Fyodor Dostoevsky: Crime and Punishment

PART IV
4. CHAPTER IV (continued)

"No, not better, not at all better!" Sonia unconsciously repeated in dismay.

"And the children? What can you do except take them to live with you?"

"Oh, I don't know," cried Sonia, almost in despair, and she put her hands to her head.

It was evident that that idea had very often occurred to her before and he had only roused it again.

"And, what, if even now, while Katerina Ivanovna is alive, you get ill and are taken to the hospital, what will happen then?" he persisted pitilessly.

"How can you? That cannot be!"

And Sonia's face worked with awful terror.

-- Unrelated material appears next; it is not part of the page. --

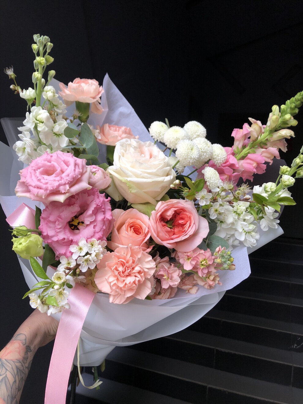 Насыщенный весенний сезонный букет. В составе: пионовидная роза Охара, пионовидная роза Пинк экспрешн, антирринум, дельфиниум, маттиола, эустома и гвоздика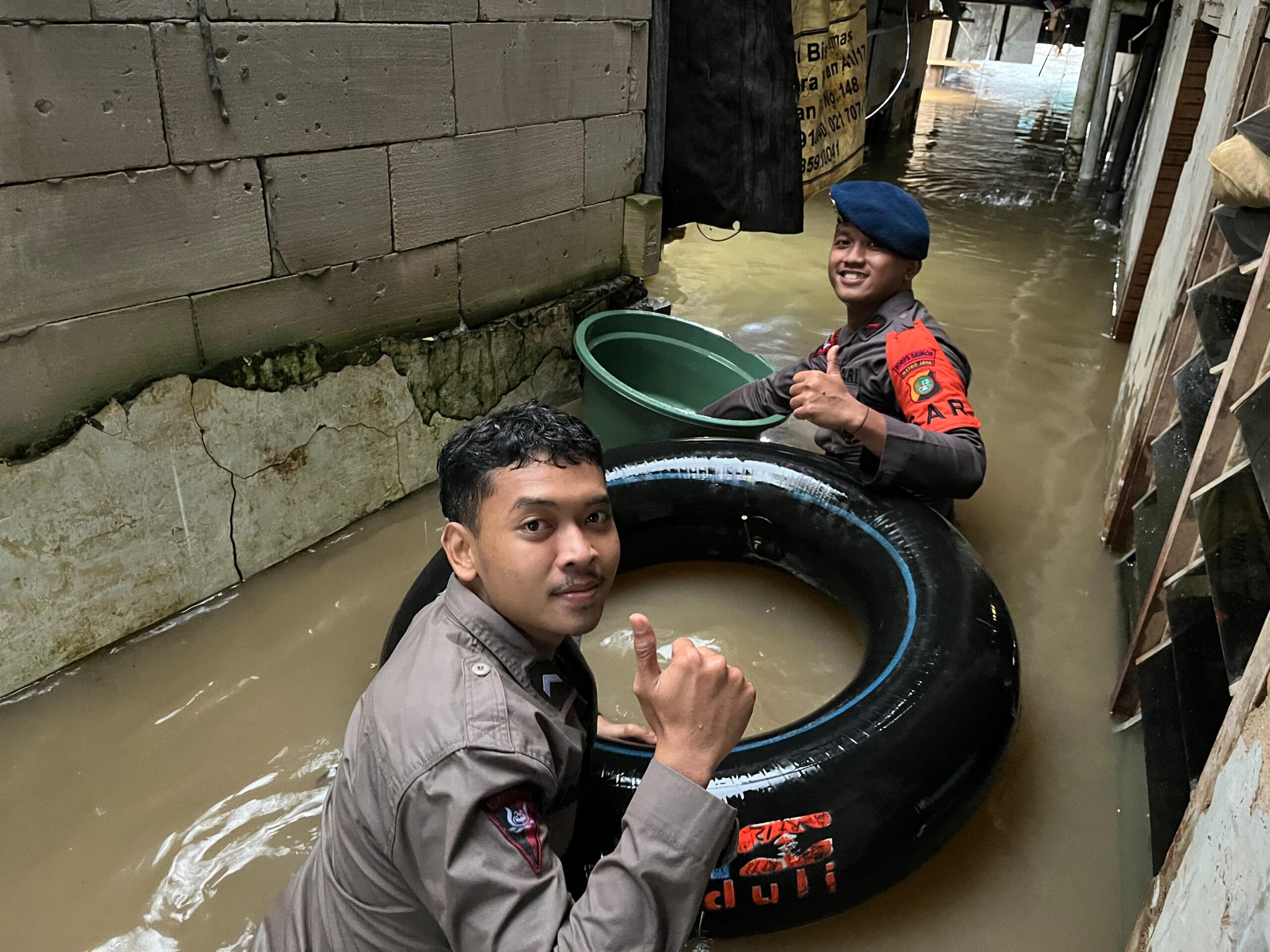 Satuan Brimob Polda Metro Jaya tetap bersiaga dan mengimbau masyarakat agar waspada terhadap potensi banjir susulan serta mengikuti arahan petugas di lapangan.

"Cannot be?" Raskolnikov went on with a harsh smile. "You are not insured against it, are you? What will happen to them then? They will be in the street, all of them, she will cough and beg and knock her head against some wall, as she did to-day, and the children will cry. . . . Then she will fall down, be taken to the police station and to the hospital, she will die, and the children . . ."

"Oh, no. . . . God will not let it be!" broke at last from Sonia's overburdened bosom.

She listened, looking imploringly at him, clasping her hands in dumb entreaty, as though it all depended upon him.

Raskolnikov got up and began to walk about the room. A minute passed. Sonia was standing with her hands and her head hanging in terrible dejection.

"And can't you save? Put by for a rainy day?" he asked, stopping suddenly before her.

"No," whispered Sonia.

"Of course not. Have you tried?" he added almost ironically.

"Yes."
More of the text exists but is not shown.